## WHAT YOU SHOULD DO
In the records below, repeat word for word only the lines starting at the one that contains "Mothers Day Hamper" and ending at the one that contains "Bransoletka zrobiona jest", pictures excluded.

## EXERCISE DATA
══════════

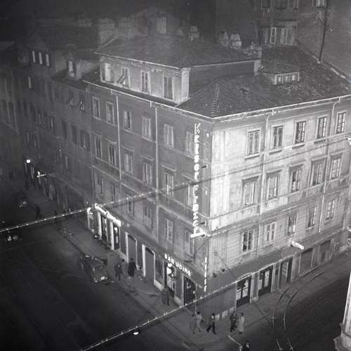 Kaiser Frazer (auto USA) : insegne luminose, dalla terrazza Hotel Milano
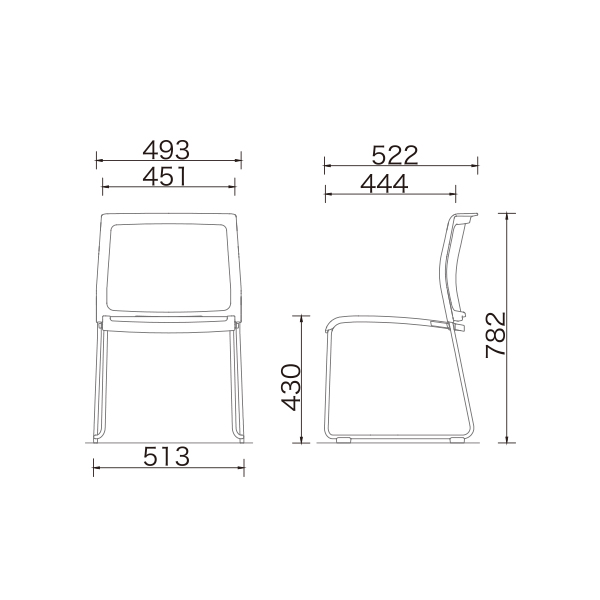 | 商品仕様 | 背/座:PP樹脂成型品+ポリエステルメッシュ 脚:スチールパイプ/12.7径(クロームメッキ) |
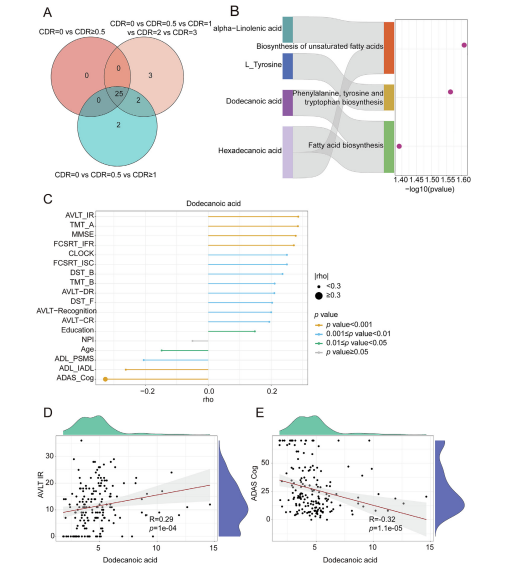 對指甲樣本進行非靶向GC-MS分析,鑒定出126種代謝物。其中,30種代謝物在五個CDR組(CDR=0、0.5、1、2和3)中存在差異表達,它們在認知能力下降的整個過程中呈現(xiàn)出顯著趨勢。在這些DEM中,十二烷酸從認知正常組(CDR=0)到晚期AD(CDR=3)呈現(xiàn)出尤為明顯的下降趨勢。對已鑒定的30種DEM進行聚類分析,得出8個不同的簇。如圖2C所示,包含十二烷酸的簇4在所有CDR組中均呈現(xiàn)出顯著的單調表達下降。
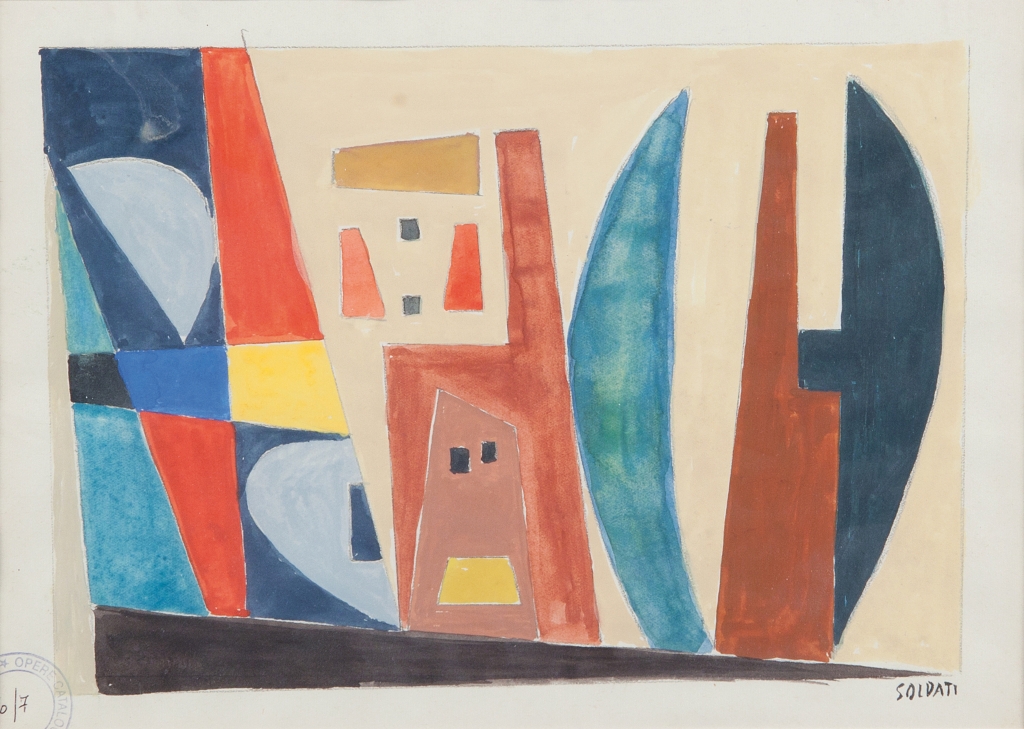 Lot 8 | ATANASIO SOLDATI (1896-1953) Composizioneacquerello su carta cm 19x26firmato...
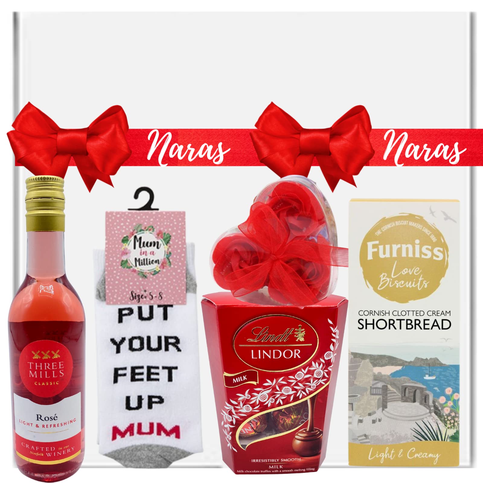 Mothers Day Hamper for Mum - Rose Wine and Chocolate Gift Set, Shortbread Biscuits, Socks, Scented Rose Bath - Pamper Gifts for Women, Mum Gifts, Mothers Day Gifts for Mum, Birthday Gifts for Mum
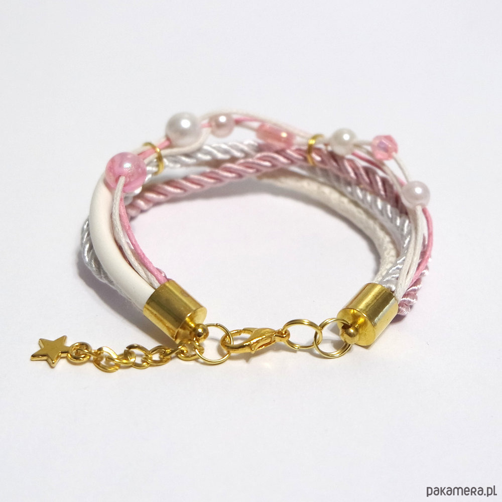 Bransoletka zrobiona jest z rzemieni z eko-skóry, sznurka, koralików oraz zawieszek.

══════════

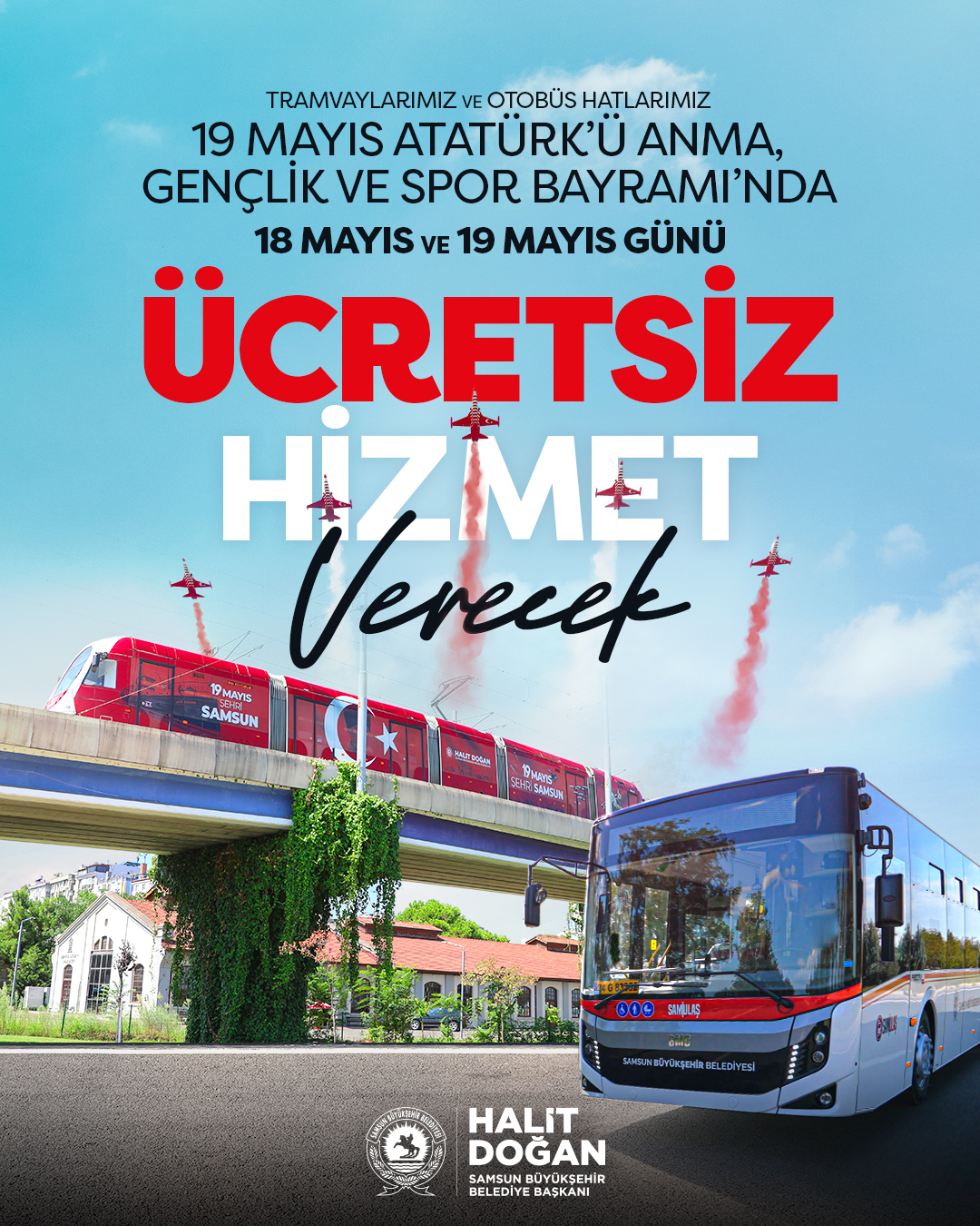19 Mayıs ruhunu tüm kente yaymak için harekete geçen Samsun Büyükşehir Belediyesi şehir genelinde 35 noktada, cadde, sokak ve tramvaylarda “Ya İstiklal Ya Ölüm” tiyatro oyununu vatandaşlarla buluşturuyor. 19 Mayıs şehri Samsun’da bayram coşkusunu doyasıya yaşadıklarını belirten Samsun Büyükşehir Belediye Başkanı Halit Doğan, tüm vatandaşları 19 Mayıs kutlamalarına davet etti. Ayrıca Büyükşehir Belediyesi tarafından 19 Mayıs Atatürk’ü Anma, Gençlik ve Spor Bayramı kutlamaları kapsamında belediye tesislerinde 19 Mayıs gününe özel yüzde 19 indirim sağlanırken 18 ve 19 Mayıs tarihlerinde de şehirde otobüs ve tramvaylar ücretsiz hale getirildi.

══════════

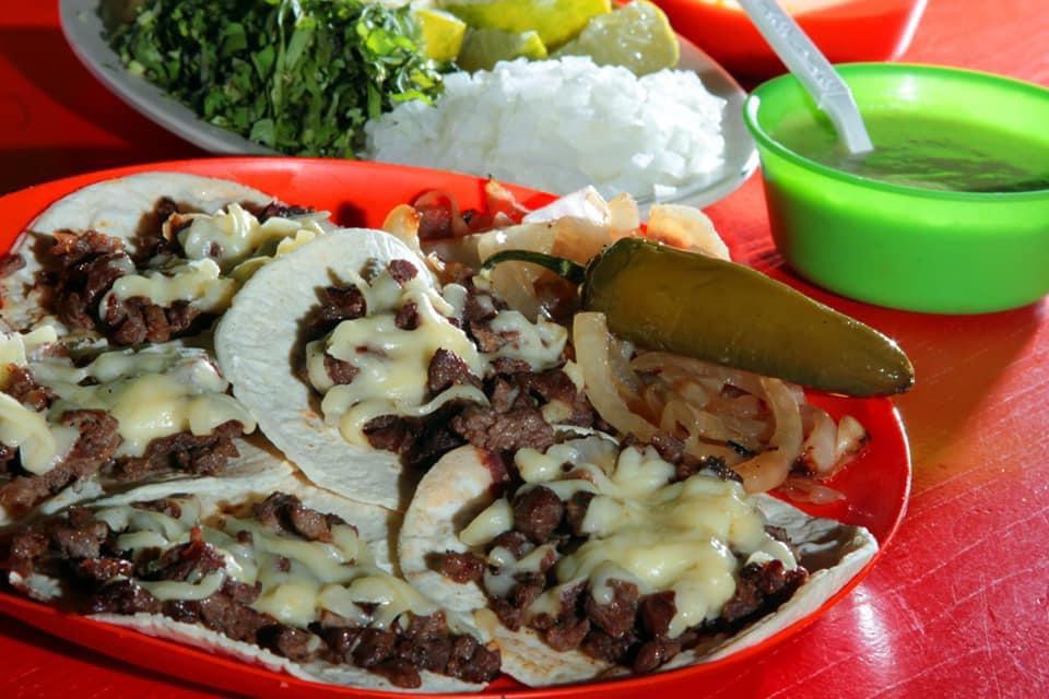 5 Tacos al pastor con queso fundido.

══════════

## SOLUTION
 Mothers Day Hamper for Mum - Rose Wine and Chocolate Gift Set, Shortbread Biscuits, Socks, Scented Rose Bath - Pamper Gifts for Women, Mum Gifts, Mothers Day Gifts for Mum, Birthday Gifts for Mum
 Bransoletka zrobiona jest z rzemieni z eko-skóry, sznurka, koralików oraz zawieszek.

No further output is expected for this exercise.